As Rachel Maddow noted, even though the Democrats drew a line in the sand with funding for Planned Parenthood during the budget negotiations with Republicans, they threw the residents of the District of Columbia and poor women there seeking abortion services under the bus. As The Hill reported this week, Del. Eleanor Holmes Norton was furious at the decision and didn't hold back expressing her anger over the deal.
Delegate: DC residents should tell Congress to 'go straight to hell':
Del. Eleanor Holmes Norton (D) unleashed on Congress Thursday for veering toward a government shutdown, saying her constituents in Washington, D.C., are "being treated as colonists of the Congress."
Norton appeared visibly angry during an television interview, during which she lobbed attacks at the legislature and Republicans for their behavior in the budget talks. “District residents are being treated as colonists of the Congress of the United States. We are absolutely outraged. This is the functional equivalent of bombing innocent civilians,” she said on WTTG-TV. [...]

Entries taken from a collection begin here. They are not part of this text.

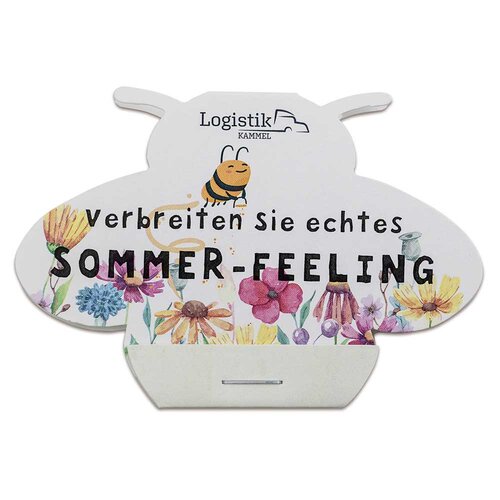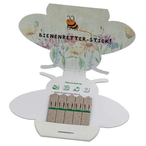 Frühlings- und Sommergrüße oder einfach von Herzen Danke sagen! Anlässe für einen Werbegruß gibt es viele. Mit den Samen-Sticks gelingt einem dabei noch ein Überraschungseffekt: Denn im flachen Briefchen aus Papier erwarten einen keine Streichhölzer, sondern grüne Werbegrüße, die sich durch die flache Form und das geringe Gewicht perfekt als Mailingartikel eignen.Auf fünf kleine Sticks aus Papier werden Basilikumsamen aufgebracht. Wird ein Stick in Erde gesteckt und gegossen, sprießt schnell ein kleines Pflänzchen. In Bienenform können sie je nach Werbethema die Botschaft durch die Form unterstützen und individuell anpassen. Das Briefchen selbst ist auf vier Seiten individuell gestaltbar. Das Papier ist komplett biologisch abbaubar und unterstützt einmal mehr den grünen Werbegedanken. Eine Pflanzanleitung komplettiert das grüne Werbemittel.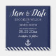 Nautische Hochzeit Sichern Das Datum Magnete mit blau-weißen Streifen, weißem Anker und veränderbarem weißem Text auf marineblau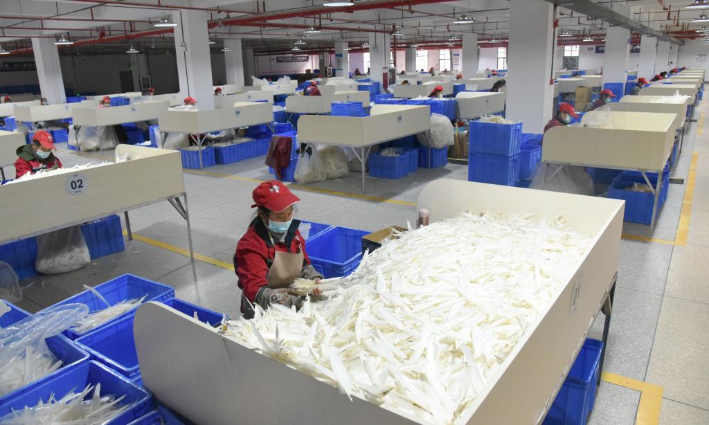 羽毛球生产包括洗毛、晒毛、分级、插球、成品全检等38道工序,几乎每道工序都需要工人严格把控。家在附近的40岁工人龙竹香自2018年起就到园区上班,工作岗位是成品全检。她说,在家门口就能稳定就业,还能学习到技术,“很是满意”。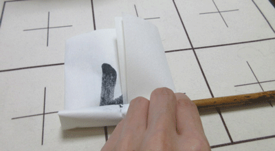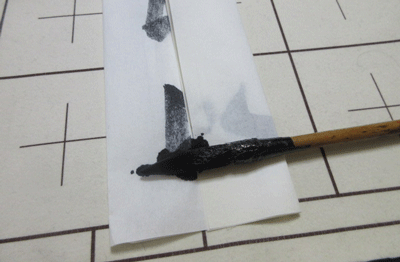 墨を含んだ筆は、書き損じた反故紙や、いらない紙で、包みます。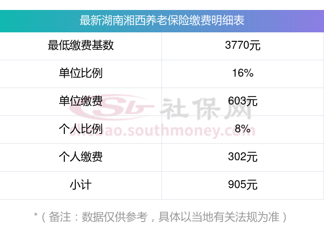 湖南湘西养老保险缴费基数2023-2024年最新标准(最低)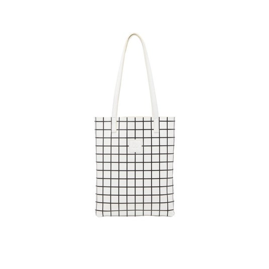 レトロなタイルをイメージした格子模様を、オリジナルレザーに大胆にプリント。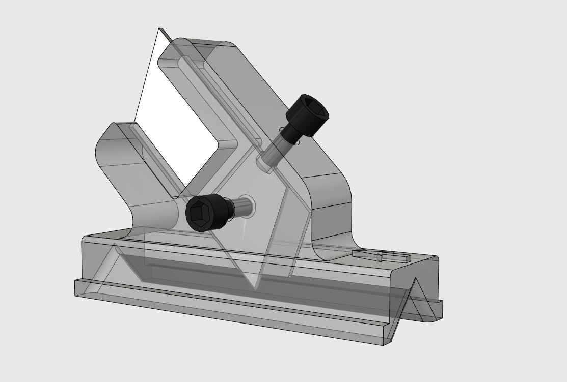 Le réglage est effectué en ajustant la lame le long du guide et bridée par 2 vis de 4mm (mises en force dans le plastique)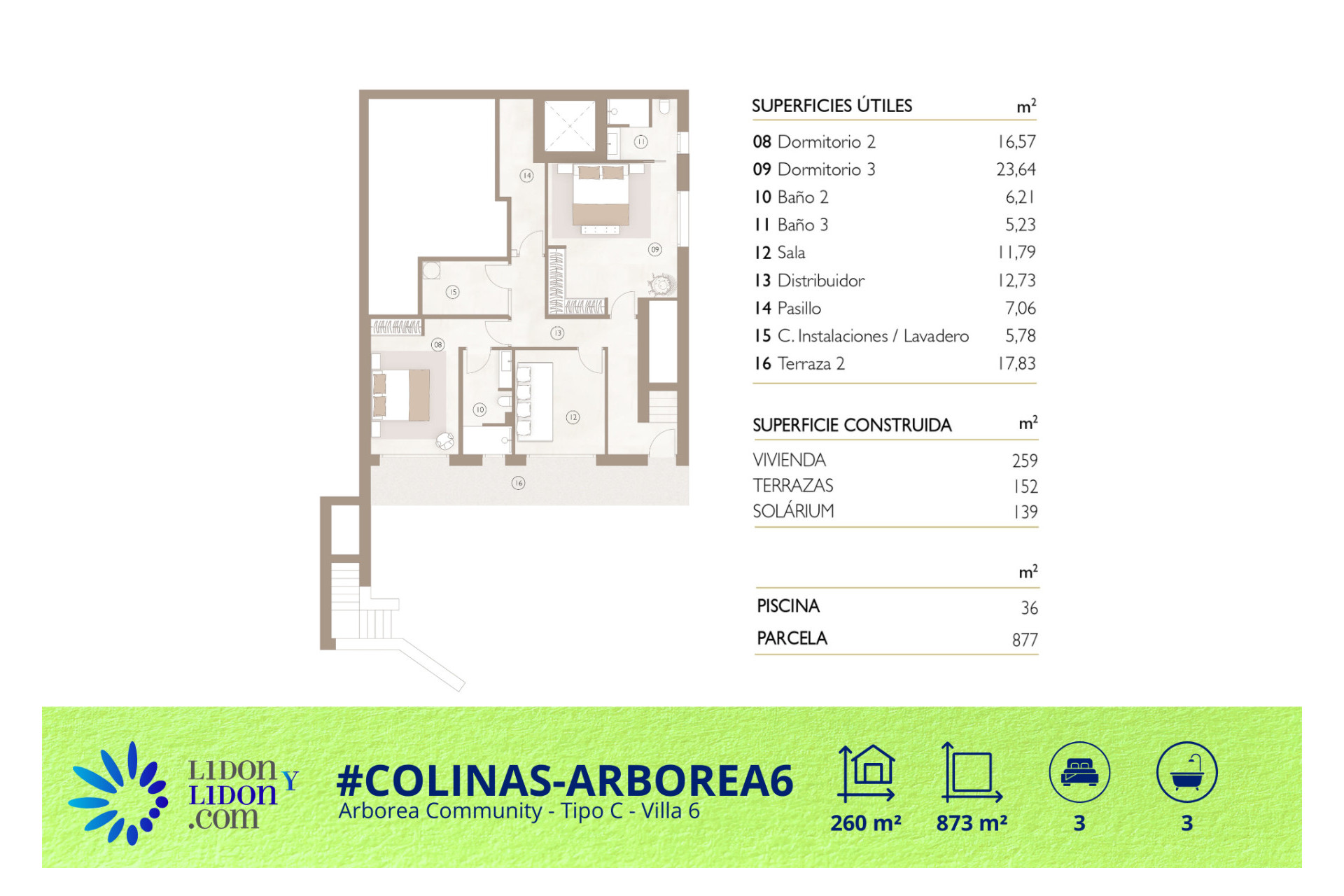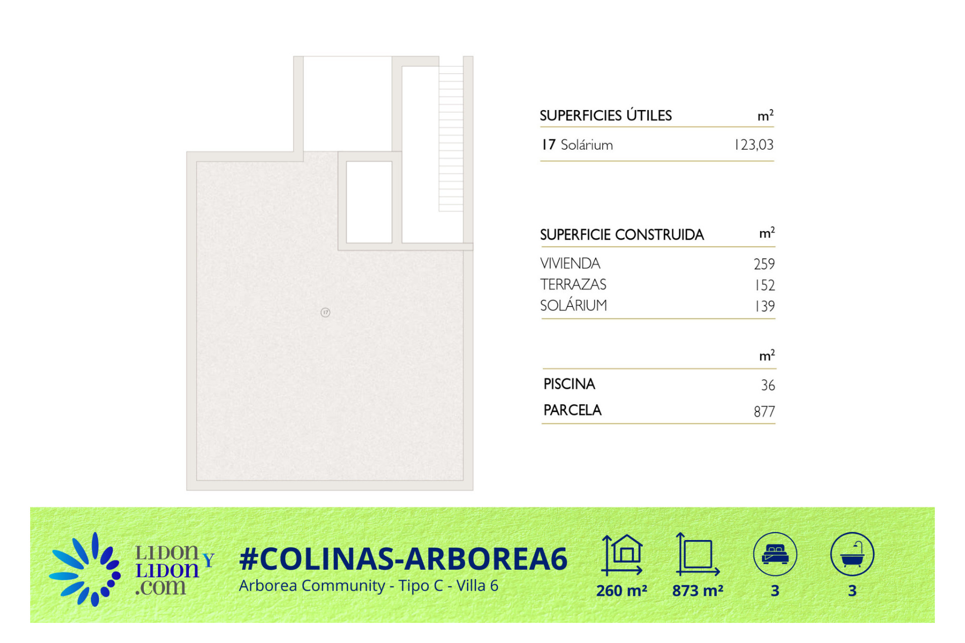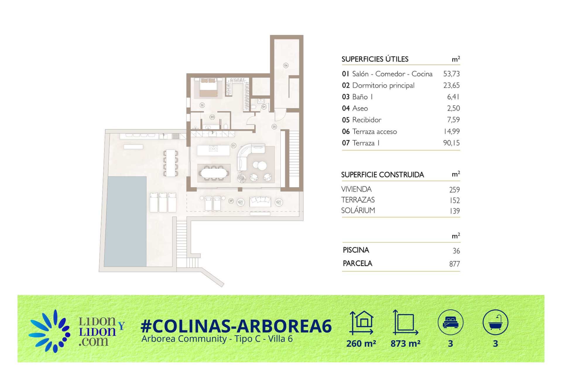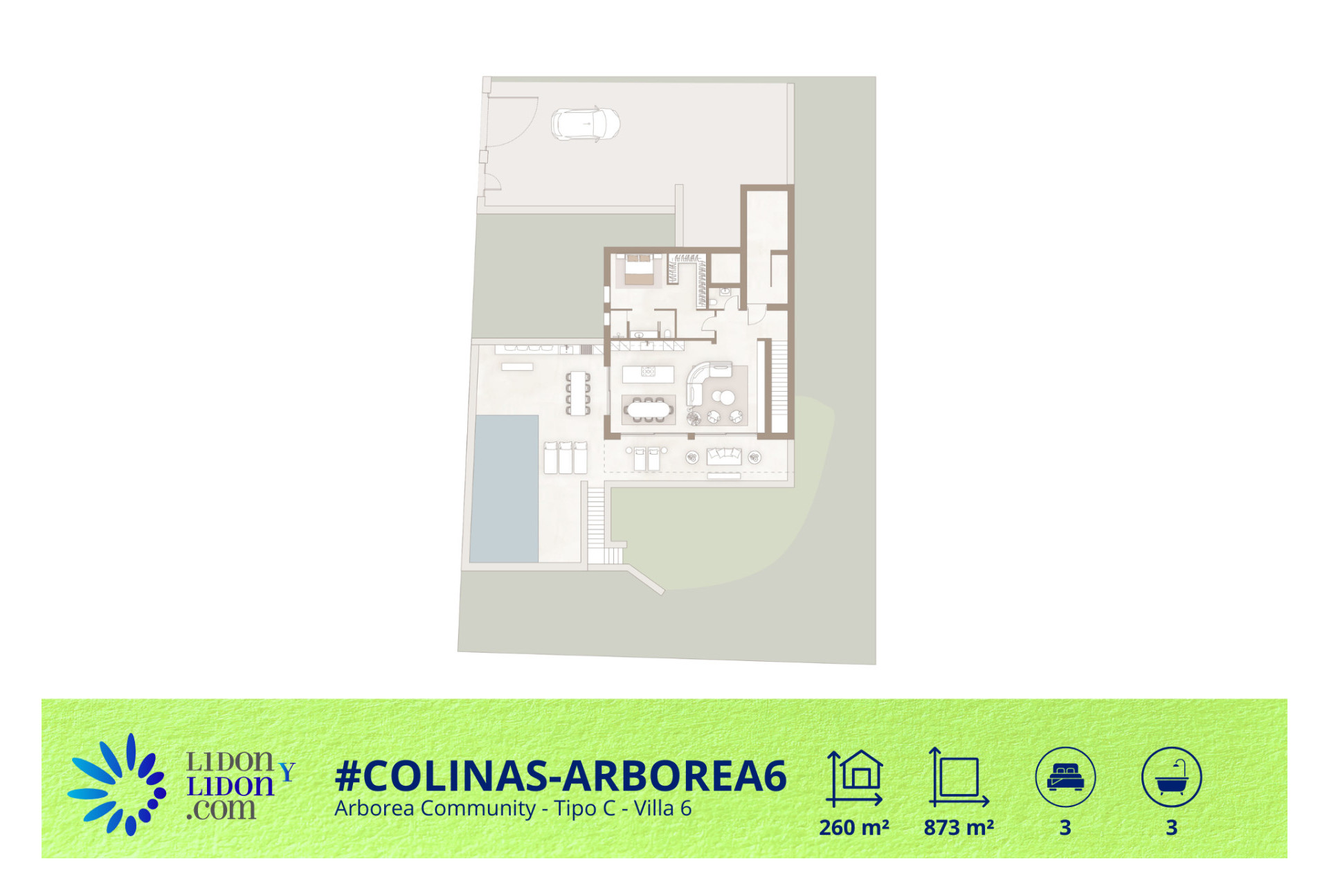 Esta villa de tipología C ofrece una de las distribuciones más amplias y singulares dentro de la colección Arborea en Las Colinas Golf & Country Club. Construida sobre una parcela de 877 m² y con aproximadamente 259 m² construidos, la propiedad dispone de 3 dormitorios, 3 baños, una amplia zona principal de salón, comedor y cocina abierta de más de 53 m², además de excelentes espacios exteriores diseñados para disfrutar plenamente del estilo de vida de la Costa Blanca. La villa cuenta con 152 m² de terrazas, un impresionante solárium de 139 m² y una piscina privada de 36 m², ofreciendo una experiencia exterior excepcional y una conexión natural entre la arquitectura y el entorno. Su distribución ha sido cuidadosamente pensada para combinar confort, privacidad y versatilidad, con amplios volúmenes interiores, zonas de día luminosas y una planta inferior que permite integrar espacios adicionales multifuncionales. Una villa de obra nueva refinada y exclusiva, ideal para compradores que buscan amplias zonas exteriores, acabados premium y un entorno privilegiado dentro de uno de los resorts más prestigiosos del sur de España.

Norton chastised Republicans for pushing for a policy rider to be included in a proposed stopgap spending measure that would prevent taxpayer funds from paying for abortions in D.C.
"It’s time that the District of Columbia told the Congress to go straight to hell," she said. Read on...
And Mayor Vincent Gray among others were arrested protesting the budget deal today -- Capitol Police arrest DC mayor at rally against budget deal:
Capitol Police arrested dozens of protesters conducting a rally on Capitol Hill against Washington, D.C.-related riders in the new 2011 budget deal.
Washington Mayor Vincent Gray, Council Chairman Kwame Brown, Ward 4 Councilwoman Muriel Bowser and Ward 6 Councilman Tommy Wells were among the 41 people who were arrested after protesters blocked Constitution Avenue. [...]
Organized by the voting-rights group DC Vote, the rally aimed to send a message to House Speaker John Boehner (R-Ohio), Senate Majority Leader Harry Reid (D-Nev.) and President Obama: Don’t “sacrifice” the rights of D.C. residents to get a deal on the budget.
“Clearly, both our opponents and friends think D.C. is weak,” the group said in a statement Monday. “Neither thinks we are strong enough to fight back against oppression.”
“We may not have legislative power, but we have the power of the people, and D.C. residents refuse to be treated like second-class citizens,” it added. “D.C. is not weak. Tonight, we are going to fight back.”